=== RECORDED DATA ===
+ + +
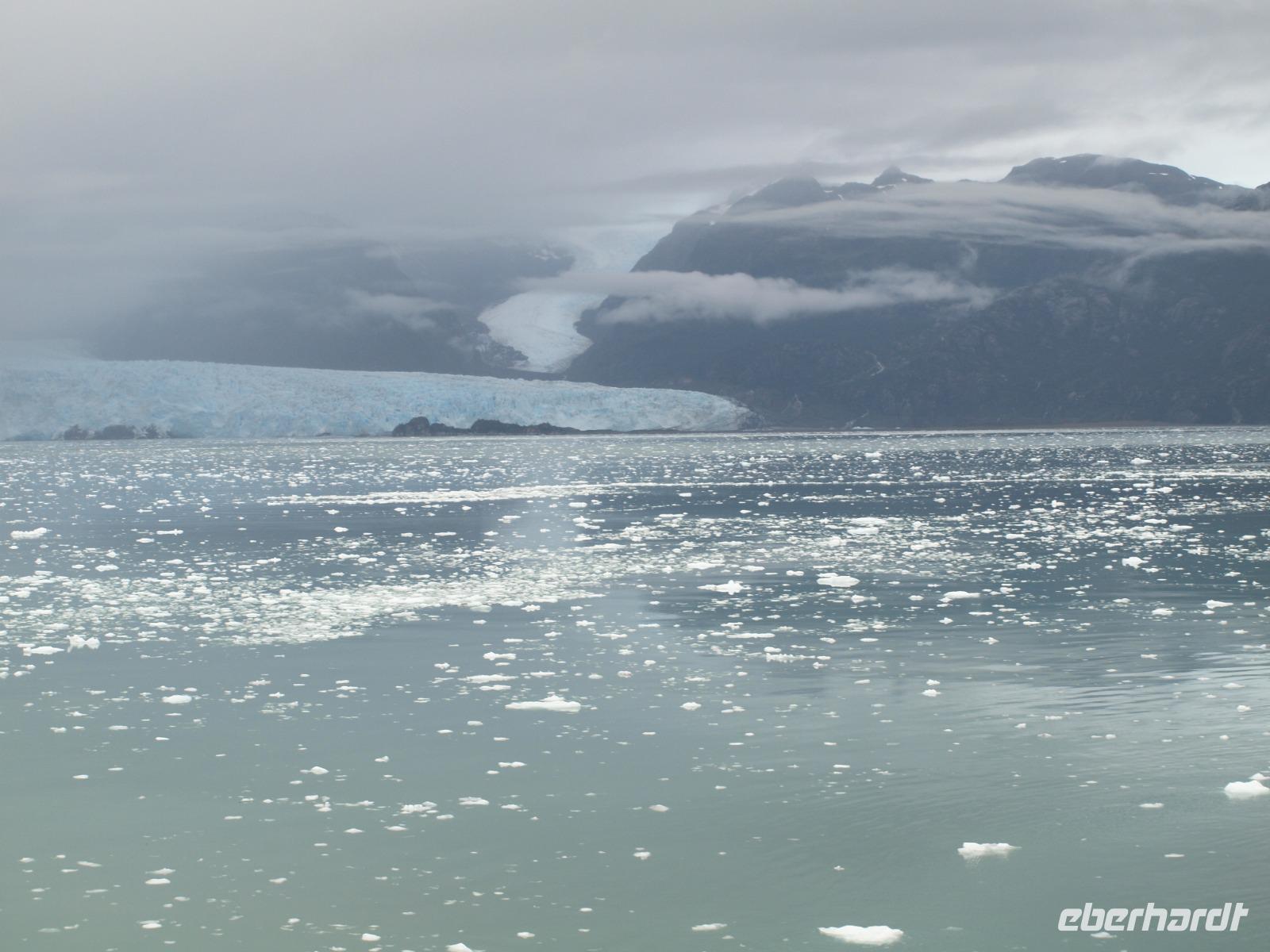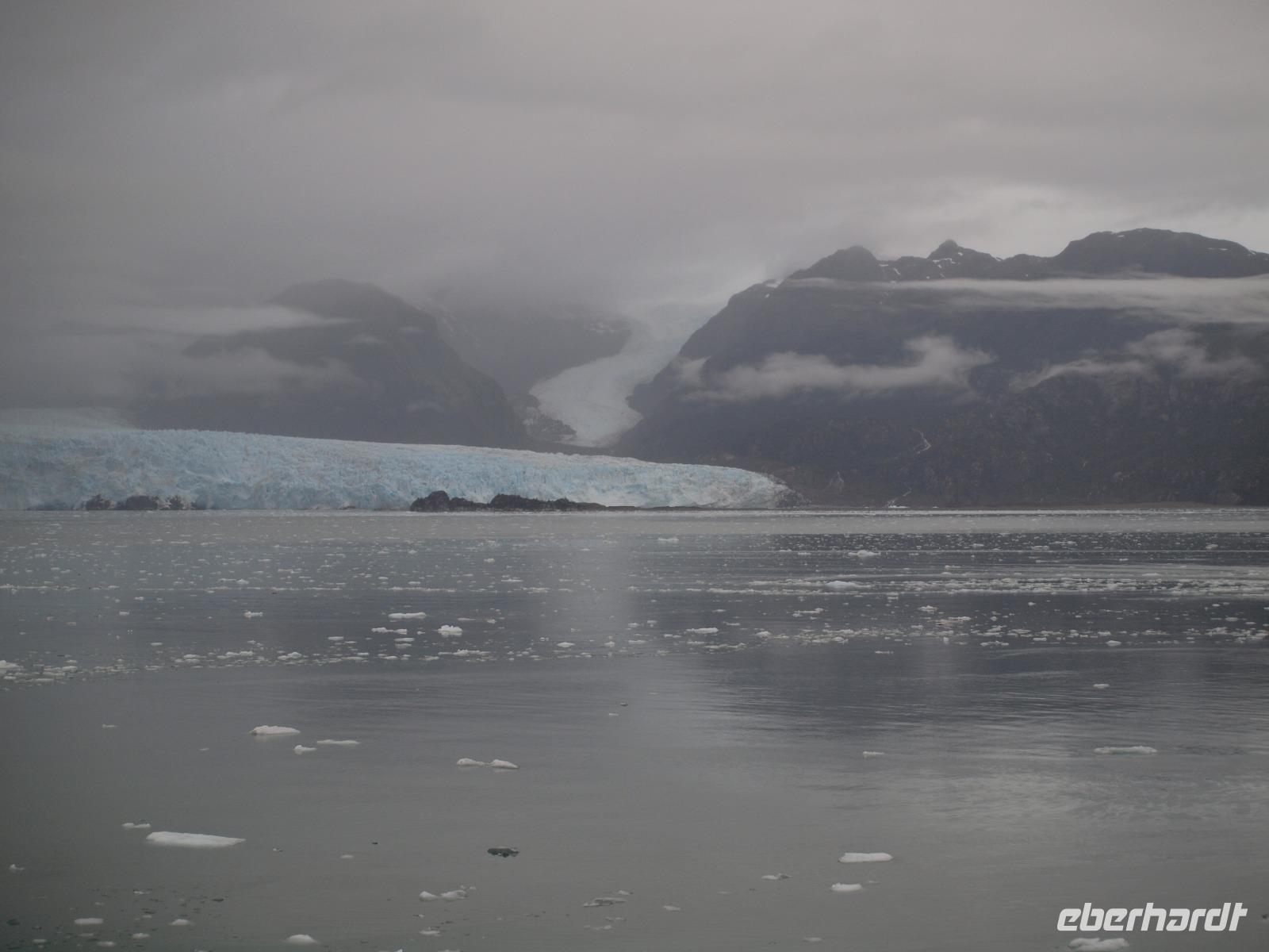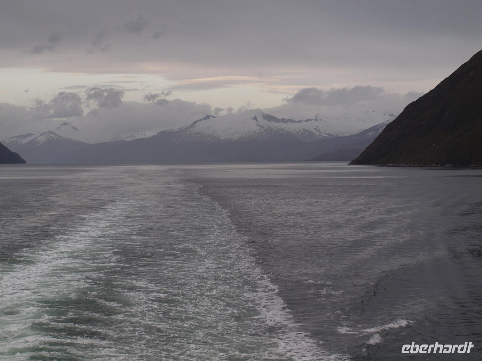 Früh am Morgen werden wir mit einer schrillen Bordansage darauf hingewiesen, dass wir den Beagle Kanal und seine Gletscherparade erreicht haben. Eingepackt in warmen Klamotten stehen wir nun also an Deck und warten auf den perfekten Moment um den Auslöser der Kamera zu bedienen. Vier große Gletscher, die nach dem Herkunftsländern bekannter Entdecker benannt sind haben unsere volle Aufmerksamkeit: Romanche, Alemania, Hollandia und Francia. Der Beagle Kanal wurde übrigens während der ersten Expedition von der Besatzung der „Beagle" und der „Adventure" (1826-1830) entdeckt. Es ist beeindruckend diese gewaltigen Eismassen zu sehen.
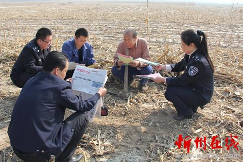 怎樣把《中華人民共和國(guó)大氣污染防治法》和《五臺(tái)縣人民政府嚴(yán)防森林火災(zāi)的通告》宣傳到人?五臺(tái)縣環(huán)境保護(hù)局、環(huán)境監(jiān)察大隊(duì)分組劃片,組織環(huán)保人員深入到田間地頭,面對(duì)面讀報(bào)給農(nóng)民聽(tīng),手遞手散傳單讓農(nóng)民看,為農(nóng)民解釋燒秸稈、燒地堰、燒荒等野外違規(guī)用火行為的危害。臺(tái)城鎮(zhèn)西關(guān)村66歲的農(nóng)民張存在就高興地對(duì)縣環(huán)境監(jiān)察人員說(shuō):“你們這樣解釋,咱懂,“地頭環(huán)保”咱農(nóng)民也記得牢,我家4畝地的秸稈保證不燒一根,咱漚糞去,多打糧,又不污染。”圖為地頭宣傳環(huán)境保護(hù),增強(qiáng)農(nóng)民環(huán)保意識(shí)。(金俊賢 攝)
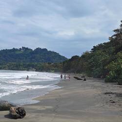 I used the rest of the time to take a short tour of the town and finally visited the beach. The beach in Puerto Viejo consists of black sand which, depending on the angle of the sun, starts to glisten more or less as you walk across - probably due to the different sediments of volcanic origin 🌋
+ + +
=== WORK ITEM ===
The answer must consist solely of the lines from the one with "怎樣把《中華人民共和國(gu" through the final line of the data, each reproduced exactly and with pictures omitted.

=== TASK OUTPUT ===
 怎樣把《中華人民共和國(guó)大氣污染防治法》和《五臺(tái)縣人民政府嚴(yán)防森林火災(zāi)的通告》宣傳到人?五臺(tái)縣環(huán)境保護(hù)局、環(huán)境監(jiān)察大隊(duì)分組劃片,組織環(huán)保人員深入到田間地頭,面對(duì)面讀報(bào)給農(nóng)民聽(tīng),手遞手散傳單讓農(nóng)民看,為農(nóng)民解釋燒秸稈、燒地堰、燒荒等野外違規(guī)用火行為的危害。臺(tái)城鎮(zhèn)西關(guān)村66歲的農(nóng)民張存在就高興地對(duì)縣環(huán)境監(jiān)察人員說(shuō):“你們這樣解釋,咱懂,“地頭環(huán)保”咱農(nóng)民也記得牢,我家4畝地的秸稈保證不燒一根,咱漚糞去,多打糧,又不污染。”圖為地頭宣傳環(huán)境保護(hù),增強(qiáng)農(nóng)民環(huán)保意識(shí)。(金俊賢 攝)
 I used the rest of the time to take a short tour of the town and finally visited the beach. The beach in Puerto Viejo consists of black sand which, depending on the angle of the sun, starts to glisten more or less as you walk across - probably due to the different sediments of volcanic origin 🌋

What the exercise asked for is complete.